START Exercise data
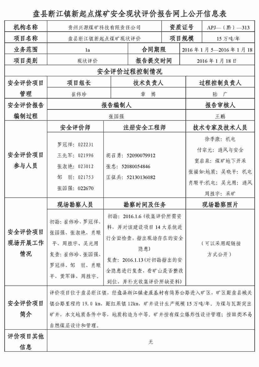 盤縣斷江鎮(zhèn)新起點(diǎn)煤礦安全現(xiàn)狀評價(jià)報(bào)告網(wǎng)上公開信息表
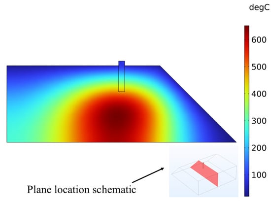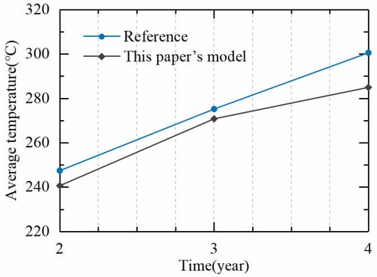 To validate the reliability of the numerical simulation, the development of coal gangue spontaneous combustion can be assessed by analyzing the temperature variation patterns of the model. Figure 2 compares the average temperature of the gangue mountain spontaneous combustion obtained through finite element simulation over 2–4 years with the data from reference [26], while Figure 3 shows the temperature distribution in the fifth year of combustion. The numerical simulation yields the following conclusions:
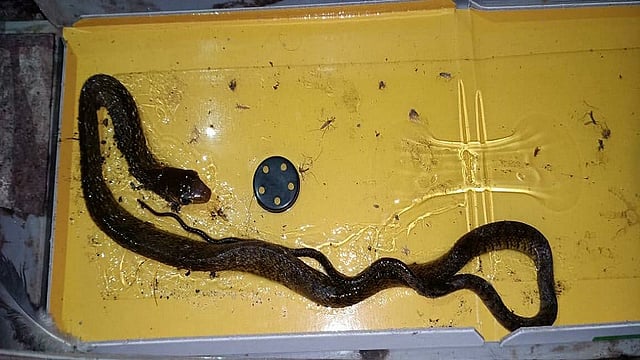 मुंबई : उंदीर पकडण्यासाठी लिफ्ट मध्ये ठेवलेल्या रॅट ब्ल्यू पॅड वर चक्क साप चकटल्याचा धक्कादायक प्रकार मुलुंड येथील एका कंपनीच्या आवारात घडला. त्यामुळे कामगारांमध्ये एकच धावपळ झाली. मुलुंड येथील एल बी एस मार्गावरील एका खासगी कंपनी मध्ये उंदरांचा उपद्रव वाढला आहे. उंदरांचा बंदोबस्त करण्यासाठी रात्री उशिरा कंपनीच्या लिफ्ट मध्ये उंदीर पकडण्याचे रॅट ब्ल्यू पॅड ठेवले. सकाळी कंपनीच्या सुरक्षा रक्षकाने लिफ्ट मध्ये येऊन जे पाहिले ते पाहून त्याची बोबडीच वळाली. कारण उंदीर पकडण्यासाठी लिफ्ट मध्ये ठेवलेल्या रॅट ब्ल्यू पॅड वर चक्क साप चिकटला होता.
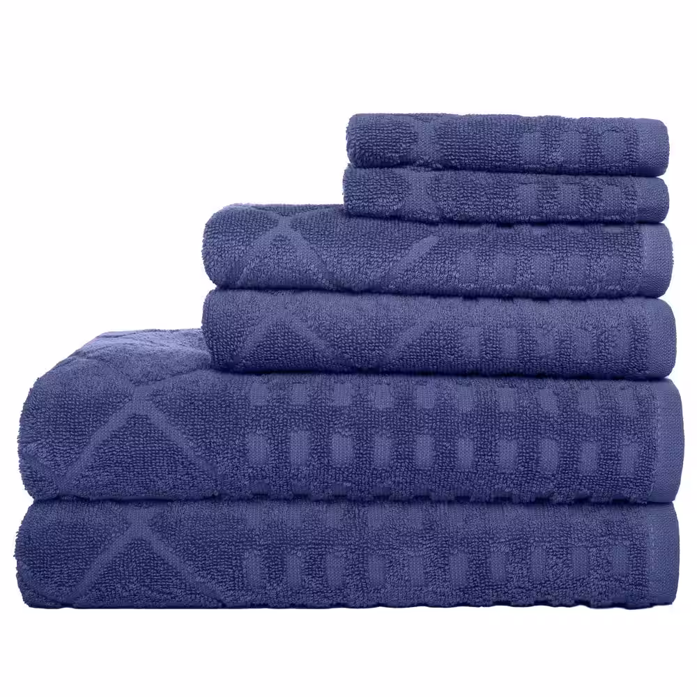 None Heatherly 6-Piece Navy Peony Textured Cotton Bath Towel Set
END Exercise data
START Exercise data
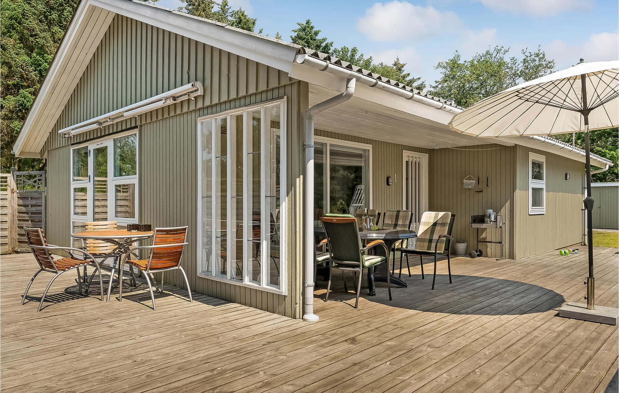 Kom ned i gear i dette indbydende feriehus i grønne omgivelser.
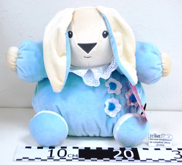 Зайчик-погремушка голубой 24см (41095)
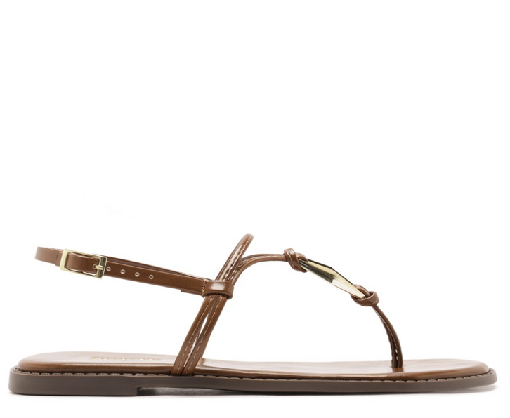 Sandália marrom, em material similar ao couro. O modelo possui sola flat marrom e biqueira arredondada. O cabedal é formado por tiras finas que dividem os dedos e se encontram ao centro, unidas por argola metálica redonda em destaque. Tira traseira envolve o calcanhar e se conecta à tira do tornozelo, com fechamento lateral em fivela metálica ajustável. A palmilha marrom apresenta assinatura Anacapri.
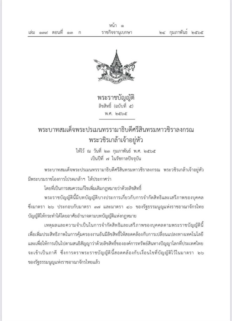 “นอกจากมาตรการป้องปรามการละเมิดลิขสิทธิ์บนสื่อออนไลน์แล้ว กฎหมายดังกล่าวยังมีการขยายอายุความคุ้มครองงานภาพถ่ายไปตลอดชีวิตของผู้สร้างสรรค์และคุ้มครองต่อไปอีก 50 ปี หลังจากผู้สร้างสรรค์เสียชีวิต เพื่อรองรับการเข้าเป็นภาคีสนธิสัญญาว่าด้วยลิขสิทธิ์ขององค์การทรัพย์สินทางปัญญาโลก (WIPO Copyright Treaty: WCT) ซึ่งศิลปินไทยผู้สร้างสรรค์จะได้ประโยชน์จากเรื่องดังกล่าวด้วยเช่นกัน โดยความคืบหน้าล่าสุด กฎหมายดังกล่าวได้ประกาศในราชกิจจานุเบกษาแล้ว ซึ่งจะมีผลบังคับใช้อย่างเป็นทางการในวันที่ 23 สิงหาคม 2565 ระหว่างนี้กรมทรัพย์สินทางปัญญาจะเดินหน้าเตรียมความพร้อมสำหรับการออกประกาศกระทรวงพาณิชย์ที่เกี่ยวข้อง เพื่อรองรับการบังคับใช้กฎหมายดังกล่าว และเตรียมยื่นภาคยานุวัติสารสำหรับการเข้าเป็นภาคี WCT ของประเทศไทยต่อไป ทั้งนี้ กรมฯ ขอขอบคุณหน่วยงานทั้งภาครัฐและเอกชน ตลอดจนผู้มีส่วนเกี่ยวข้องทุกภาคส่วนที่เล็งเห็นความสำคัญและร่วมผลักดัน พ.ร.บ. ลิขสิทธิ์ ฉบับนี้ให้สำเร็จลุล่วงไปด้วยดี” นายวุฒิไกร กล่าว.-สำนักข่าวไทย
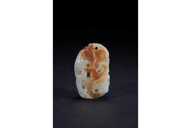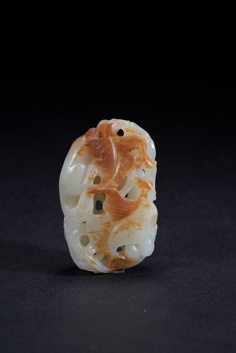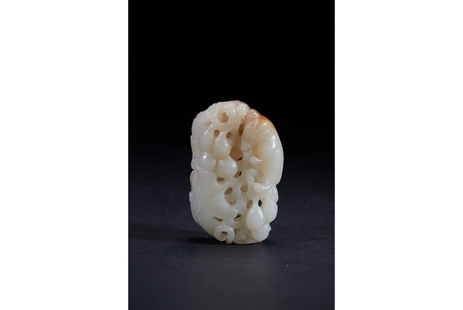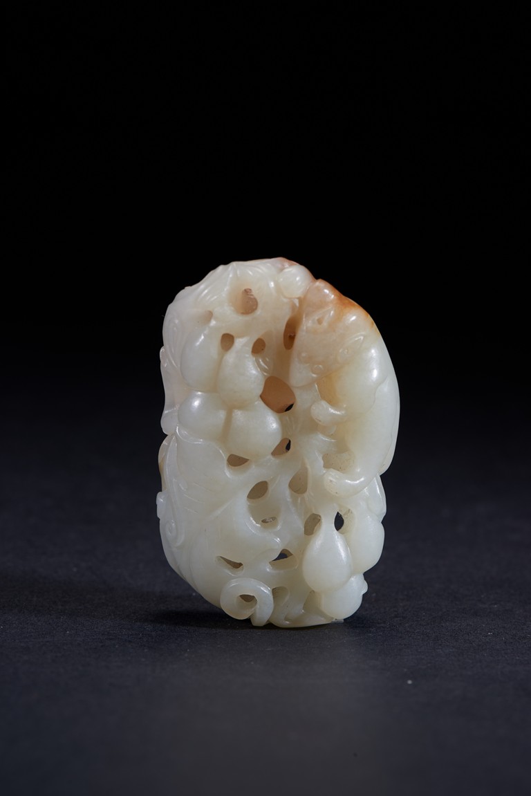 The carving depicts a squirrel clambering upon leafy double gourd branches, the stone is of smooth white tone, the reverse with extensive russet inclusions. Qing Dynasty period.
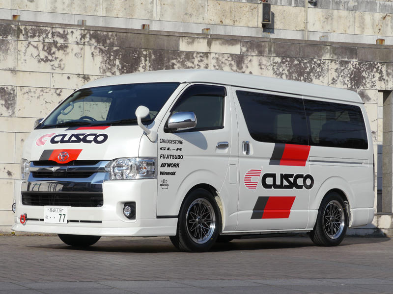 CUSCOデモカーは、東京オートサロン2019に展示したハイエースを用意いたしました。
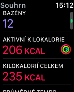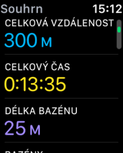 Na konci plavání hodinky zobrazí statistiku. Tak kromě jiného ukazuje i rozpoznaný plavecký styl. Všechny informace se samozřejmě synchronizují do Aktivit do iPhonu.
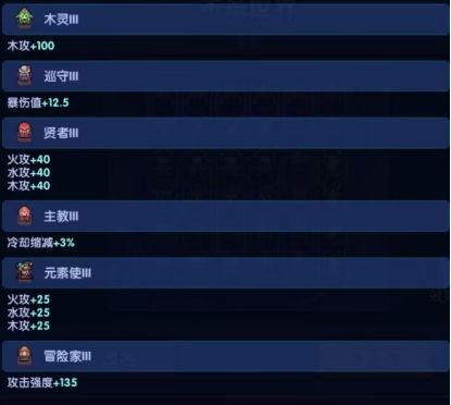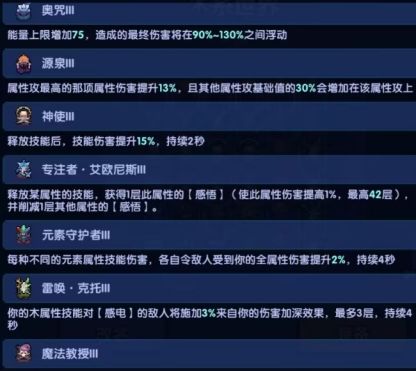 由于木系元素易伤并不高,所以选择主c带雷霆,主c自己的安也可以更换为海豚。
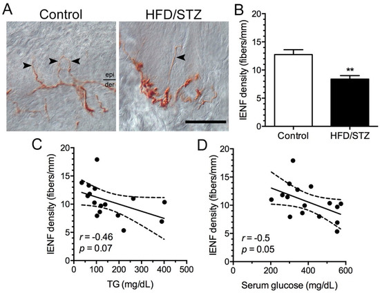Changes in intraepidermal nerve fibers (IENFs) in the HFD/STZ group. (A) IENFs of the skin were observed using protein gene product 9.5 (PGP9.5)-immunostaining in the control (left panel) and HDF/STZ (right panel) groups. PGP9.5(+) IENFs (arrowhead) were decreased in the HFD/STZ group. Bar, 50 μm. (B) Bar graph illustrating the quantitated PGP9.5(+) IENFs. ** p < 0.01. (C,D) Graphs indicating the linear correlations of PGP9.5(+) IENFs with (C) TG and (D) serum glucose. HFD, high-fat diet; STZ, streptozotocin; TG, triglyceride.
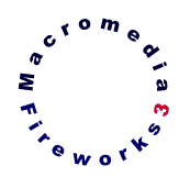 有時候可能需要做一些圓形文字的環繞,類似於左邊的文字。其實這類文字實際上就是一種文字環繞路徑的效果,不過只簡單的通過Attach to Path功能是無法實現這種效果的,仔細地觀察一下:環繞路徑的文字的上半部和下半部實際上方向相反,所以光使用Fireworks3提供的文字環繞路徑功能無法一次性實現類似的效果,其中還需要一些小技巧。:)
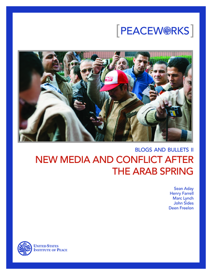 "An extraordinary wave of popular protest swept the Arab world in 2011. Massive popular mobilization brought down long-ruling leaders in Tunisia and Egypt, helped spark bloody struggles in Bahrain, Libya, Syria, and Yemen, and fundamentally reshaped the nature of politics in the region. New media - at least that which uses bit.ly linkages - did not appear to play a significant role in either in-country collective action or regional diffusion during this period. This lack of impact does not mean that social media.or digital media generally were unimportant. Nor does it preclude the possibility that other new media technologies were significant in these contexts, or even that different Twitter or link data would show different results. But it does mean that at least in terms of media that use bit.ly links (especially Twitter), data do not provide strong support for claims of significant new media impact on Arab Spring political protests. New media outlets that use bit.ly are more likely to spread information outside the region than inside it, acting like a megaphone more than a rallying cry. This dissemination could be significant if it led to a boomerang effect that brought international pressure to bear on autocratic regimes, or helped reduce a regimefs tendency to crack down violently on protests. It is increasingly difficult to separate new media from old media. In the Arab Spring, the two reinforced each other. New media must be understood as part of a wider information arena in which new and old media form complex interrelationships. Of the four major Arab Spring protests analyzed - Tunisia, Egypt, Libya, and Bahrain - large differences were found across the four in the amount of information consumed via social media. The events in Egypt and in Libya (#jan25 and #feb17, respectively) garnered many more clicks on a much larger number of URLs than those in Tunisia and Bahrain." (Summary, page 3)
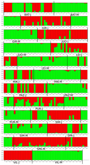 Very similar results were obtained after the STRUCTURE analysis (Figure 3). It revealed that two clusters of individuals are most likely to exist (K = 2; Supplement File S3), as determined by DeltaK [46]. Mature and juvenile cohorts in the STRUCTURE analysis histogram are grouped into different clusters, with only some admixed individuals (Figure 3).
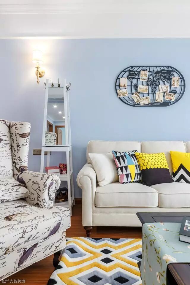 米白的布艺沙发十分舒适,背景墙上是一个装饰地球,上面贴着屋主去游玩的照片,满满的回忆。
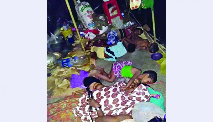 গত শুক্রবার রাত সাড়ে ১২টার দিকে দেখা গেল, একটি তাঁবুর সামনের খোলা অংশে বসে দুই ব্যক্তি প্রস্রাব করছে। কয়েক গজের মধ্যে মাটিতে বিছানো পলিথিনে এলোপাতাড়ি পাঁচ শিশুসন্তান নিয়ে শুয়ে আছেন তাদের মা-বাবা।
END Exercise data
◆ **Exercise directions**:
Would you copy out, exactly and with no pictures, only the lines above from the one that contains "盤縣斷江鎮(zhèn)新起點" through the one that contains "To validate the"?

◆ **Your solution**:
 盤縣斷江鎮(zhèn)新起點(diǎn)煤礦安全現(xiàn)狀評價(jià)報(bào)告網(wǎng)上公開信息表
 To validate the reliability of the numerical simulation, the development of coal gangue spontaneous combustion can be assessed by analyzing the temperature variation patterns of the model. Figure 2 compares the average temperature of the gangue mountain spontaneous combustion obtained through finite element simulation over 2–4 years with the data from reference [26], while Figure 3 shows the temperature distribution in the fifth year of combustion. The numerical simulation yields the following conclusions:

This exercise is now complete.